● **Task instructions**
What you return must be the full listing, word for word, with no images in it.

• • • • •

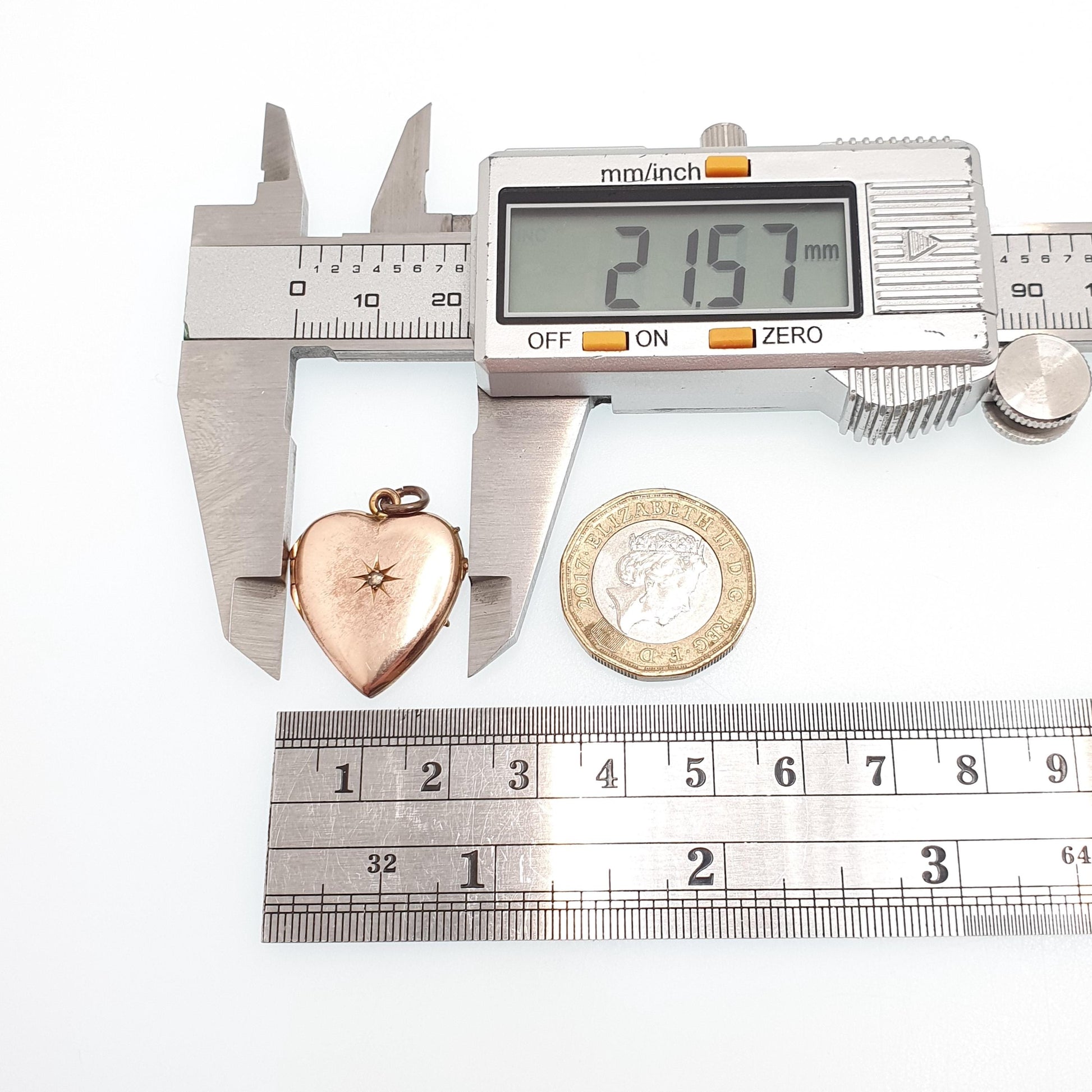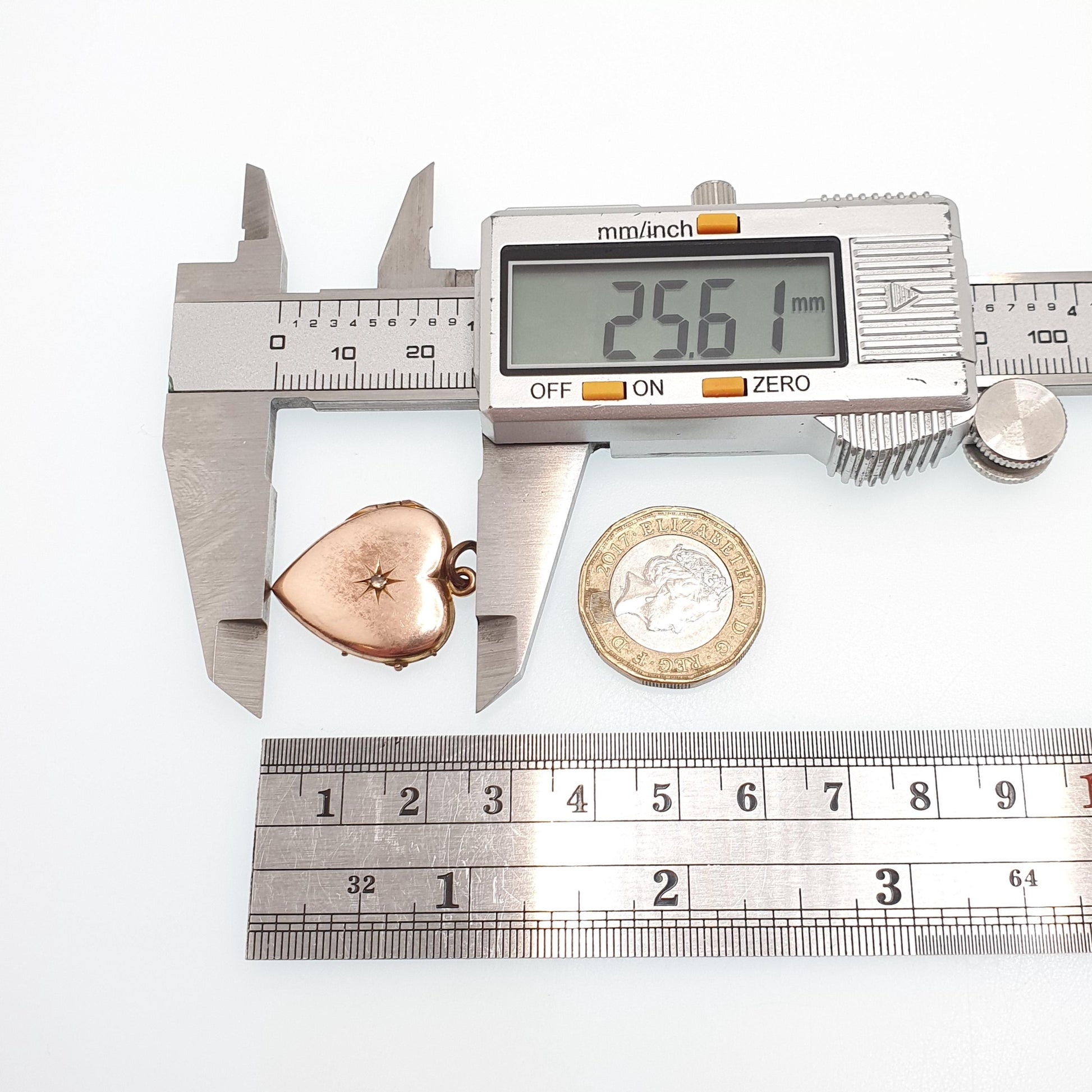 DESCRIPTION: A brilliant antique Victorian rolled rose gold heart locket, adorned with genuine diamond (100% tested). It opens/closes well and has the metal picture retaining shims for both sides. It weighs approx. 3.29g and the size dimensions are in the later photos. As to be expected with the items age, the rolled gold finish has worn in some areas and here are some dents on the face (see pictures/video).
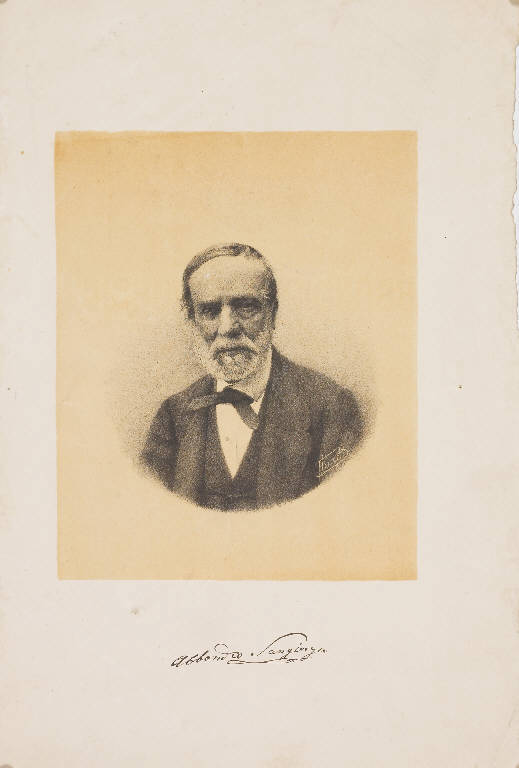 Personaggi: Sangiorgio Abbondio. Ritratti: busto-ritratto; baffi; barba. Abbigliamento: cravatta; giacca; camicia
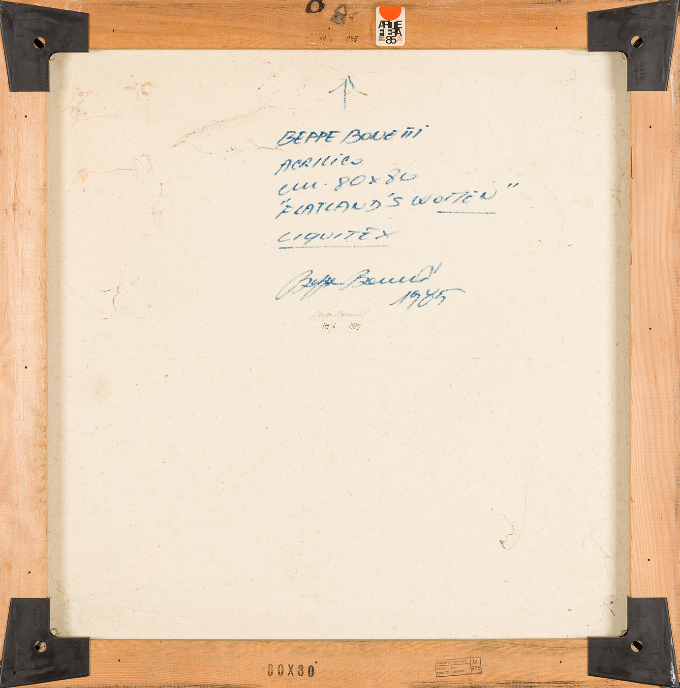 Etichetta Artefiera Bologna 1985 al retro
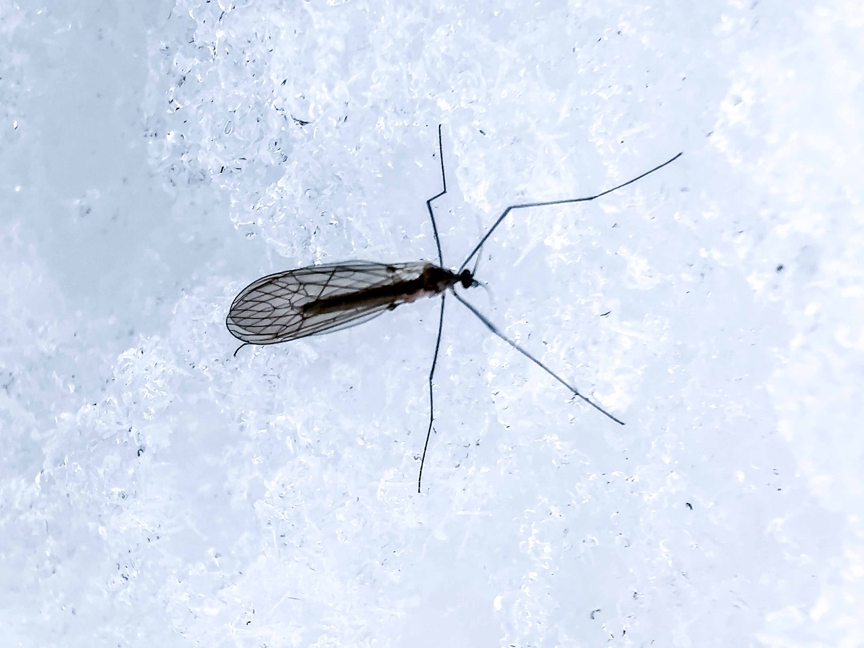 Beim näheren Hinschauen erkennt man zarte, schlanke Mücken, Wintermücken genannt. Die Wintermücken aus der Familie der Trichoceridae sind erstaunlicherweise unempfindlich gegen Kälte und noch bei 0° C aktiv. Frostschutzmittel ähnliche Substanzen in ihren Zellen verhindern, dass die Körperflüssigkeit gefriert und ermöglicht noch ein Leben kurz über dem Gefrierpunkt.
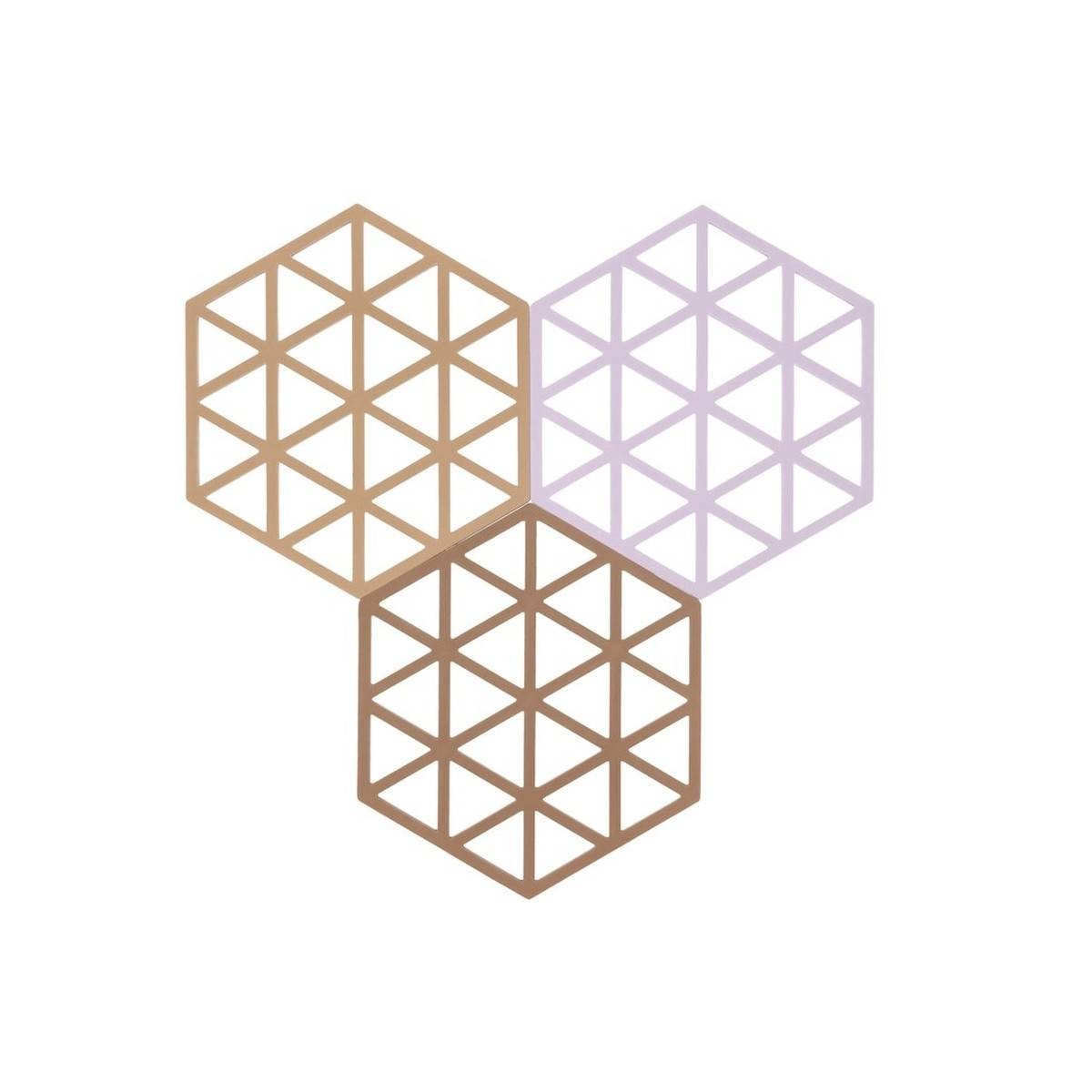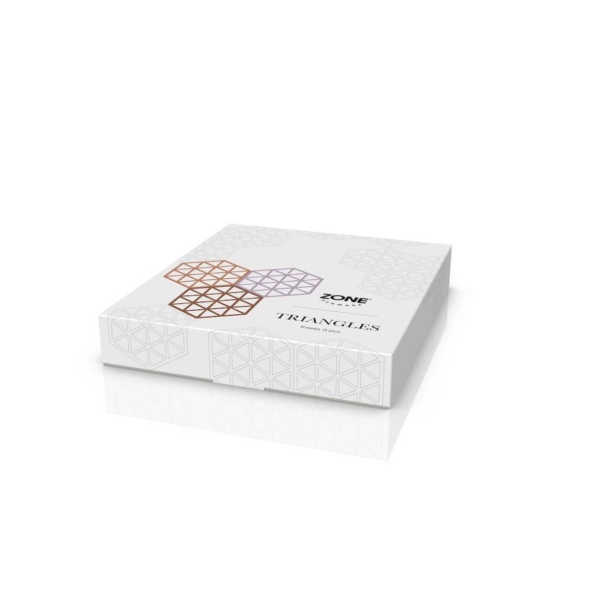 - Každá podložka má originální trojúhelníkový tvar a je vyrobena z odolného, žáruvzdorného silikonu.
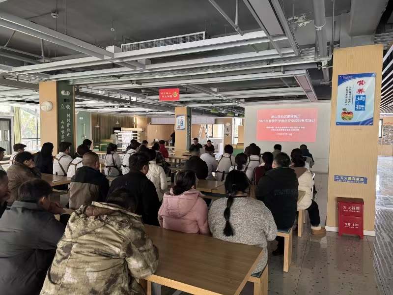 在粮缘餐厅组织开展了2025年春季开学食品安全知识专项培训,餐饮公司代表及餐厅从业人员参加培训。

• • • • •

● **Task output**
 DESCRIPTION: A brilliant antique Victorian rolled rose gold heart locket, adorned with genuine diamond (100% tested). It opens/closes well and has the metal picture retaining shims for both sides. It weighs approx. 3.29g and the size dimensions are in the later photos. As to be expected with the items age, the rolled gold finish has worn in some areas and here are some dents on the face (see pictures/video).
 Personaggi: Sangiorgio Abbondio. Ritratti: busto-ritratto; baffi; barba. Abbigliamento: cravatta; giacca; camicia
 Etichetta Artefiera Bologna 1985 al retro
 Beim näheren Hinschauen erkennt man zarte, schlanke Mücken, Wintermücken genannt. Die Wintermücken aus der Familie der Trichoceridae sind erstaunlicherweise unempfindlich gegen Kälte und noch bei 0° C aktiv. Frostschutzmittel ähnliche Substanzen in ihren Zellen verhindern, dass die Körperflüssigkeit gefriert und ermöglicht noch ein Leben kurz über dem Gefrierpunkt.
 - Každá podložka má originální trojúhelníkový tvar a je vyrobena z odolného, žáruvzdorného silikonu.
 在粮缘餐厅组织开展了2025年春季开学食品安全知识专项培训,餐饮公司代表及餐厅从业人员参加培训。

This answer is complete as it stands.